March 04, 2010|By Keith L. Alexander and Ann E. Marimow | The Washington Post

Just sitting down at a desk at the marriage bureau at D.C. Superior Court on Wednesday was too much for Angelisa Young. She cried so hard that she eventually had to bury her face in her fiancee's chest.

About a half-hour later, Young and her partner, Sinjoyla Townsend, who met 13 years ago in a constitutional law class at the University of the District of Columbia, became the first same-sex couple to apply to be married in the district as the city officially joined five states in allowing gay marriage.

"I'm just so happy. We're whole now. We will actually be a true family like everyone else," Young, 47, said as Townsend, 41, used her thumb to wipe away her soon-to-be spouse's tears. After the couple from Southeast Washington rose from the desk, couples in line behind them broke into spontaneous applause and cheers.

For the couples in line Wednesday and those who will follow, it was the culmination of a three-decade struggle for equality.

The D.C. Council approved same-sex marriage on an 11-2 vote in December, and Democratic Mayor Adrian M. Fenty signed the bill into law, saying that he hoped the district would provide a road map for gay rights activists in other states, including possibly Maryland. Last week, Maryland's Attorney General Douglas F. Gansler, a Democrat, said the state would begin recognizing same-sex marriages from other places.

By the end of the day, 151 couples had filed to be married, far surpassing the dozen or so applications the bureau typically collects on a single day. The weddings will have to wait, though.

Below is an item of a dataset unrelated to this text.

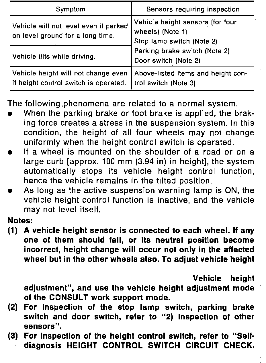Fig. 10 Electrical Diagnosis Procedure 5 (Part 2 Of 6). Vehicle Height Control. FAULTY PHONEME AND SENSOR REQUIRING INSPECTION:
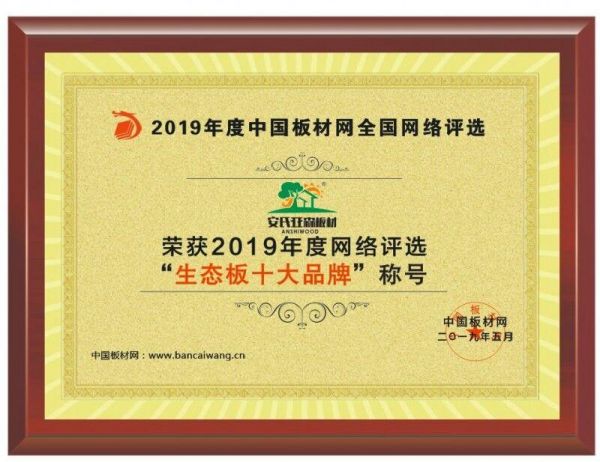 本次活动凭借着高品质的产品保证和深入终端市场的品牌影响力,安氏亚森板材荣获“2019年度生态板十大品牌”荣誉称号!

The district requires a three-day waiting period from the day you get your license.

Silver Spring resident Deborah Weiner brought her 15-year-old daughter to wait with her and her partner of 24 years, Janne Harrelson. "It's a great source of pride for her and, deep down, a source of relief and stability," said Weiner of her daughter.

Court officials had called in extra security officers to monitor the halls for protesters - but the officers far outnumbered the protesters.

The crowd included local religious leaders who showed their support for same-sex marriage, and dozens of college students cheered as couples emerged hand in hand from the courthouse.